Tenía cuatro años, y ahora tiene siete. Que la quiere, no lo duda. Pero a veces se mortifica con la idea de que llama mamá a su abuela y que si la arranca de su lado será como si hubiese perdido dos veces a su madre, la primera cuando se vino a España y la segunda cuando la separe de ella. No sabe qué hacer. Por eso le gustaría ser amiga de Marga. Para que le rebajase la compra, para que le diera trabajo, para contarle sus penas, para que la quisiera, alguien, un poco.

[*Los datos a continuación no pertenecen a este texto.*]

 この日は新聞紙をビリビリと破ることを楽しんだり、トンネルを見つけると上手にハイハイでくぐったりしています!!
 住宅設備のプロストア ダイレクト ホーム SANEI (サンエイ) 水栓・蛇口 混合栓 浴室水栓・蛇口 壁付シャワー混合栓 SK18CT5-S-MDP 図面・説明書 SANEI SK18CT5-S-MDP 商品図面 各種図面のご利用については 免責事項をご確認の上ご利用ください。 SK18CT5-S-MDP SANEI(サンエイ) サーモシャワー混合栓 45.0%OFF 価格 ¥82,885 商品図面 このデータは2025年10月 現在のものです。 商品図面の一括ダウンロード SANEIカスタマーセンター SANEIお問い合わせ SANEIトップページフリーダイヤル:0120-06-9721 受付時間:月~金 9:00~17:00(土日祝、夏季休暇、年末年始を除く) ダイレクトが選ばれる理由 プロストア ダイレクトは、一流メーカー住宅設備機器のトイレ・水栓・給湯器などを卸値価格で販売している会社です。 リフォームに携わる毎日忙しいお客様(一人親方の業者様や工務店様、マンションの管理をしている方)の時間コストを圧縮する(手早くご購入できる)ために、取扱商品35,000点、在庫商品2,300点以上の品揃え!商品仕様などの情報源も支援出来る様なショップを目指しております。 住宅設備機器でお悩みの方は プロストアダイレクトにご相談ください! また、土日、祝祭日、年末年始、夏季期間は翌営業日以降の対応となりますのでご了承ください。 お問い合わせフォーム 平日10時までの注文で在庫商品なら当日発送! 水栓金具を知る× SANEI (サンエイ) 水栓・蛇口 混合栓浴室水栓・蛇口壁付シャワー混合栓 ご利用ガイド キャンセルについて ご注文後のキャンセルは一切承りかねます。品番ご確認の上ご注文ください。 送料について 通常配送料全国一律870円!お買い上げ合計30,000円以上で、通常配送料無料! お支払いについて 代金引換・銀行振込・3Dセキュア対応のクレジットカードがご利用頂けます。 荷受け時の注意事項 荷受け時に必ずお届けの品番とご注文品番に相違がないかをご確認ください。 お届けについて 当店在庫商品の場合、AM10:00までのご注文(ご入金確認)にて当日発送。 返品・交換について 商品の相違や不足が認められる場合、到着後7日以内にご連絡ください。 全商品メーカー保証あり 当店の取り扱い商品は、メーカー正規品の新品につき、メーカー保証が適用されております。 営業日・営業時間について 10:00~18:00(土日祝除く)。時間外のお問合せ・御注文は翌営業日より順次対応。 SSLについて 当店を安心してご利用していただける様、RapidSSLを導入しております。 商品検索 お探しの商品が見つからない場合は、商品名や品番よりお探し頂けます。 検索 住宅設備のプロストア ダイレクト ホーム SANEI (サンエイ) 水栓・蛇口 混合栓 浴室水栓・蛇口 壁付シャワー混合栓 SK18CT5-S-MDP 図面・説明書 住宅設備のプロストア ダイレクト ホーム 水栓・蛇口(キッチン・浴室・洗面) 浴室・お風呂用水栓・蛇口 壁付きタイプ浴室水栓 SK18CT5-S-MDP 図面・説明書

Pilar también coge la foto cada dos por tres y le señala con el dedo quién es cada uno. Ésta, María José; ésta, Natalia; éste no sé quién es, un camarero que pasaba por ahí justo en ese momento; ésta, yo; éste, Paco; ésta, Marga. Cuando Pilar le habla de su hija se le dulcifica la mirada. Cleopatra, al principio, no entendía a Pilar. Esa soberbia con la que trataba a todo el mundo, ese desprecio. Ahora la comprende mejor. Pilar se esfuerza por parecer fría aunque no lo sea. De serlo, fría, no le habría escrito en un papel todas esas frases en francés para que entretuviese a Goumba con una charla absurda, pues aunque ella le pregunta en algún momento de cada noche
ça va bien?
, no le suena más que el
oui
que él responde al principio. Goumba lo sabe, que no le entiende, pero igualmente se enzarzan en una conversación en español y francés que les lleva horas entre bostezos y cabezadas y visitas a la cama de María José para comprobar que todo sigue en orden. A saber lo que le dirá él.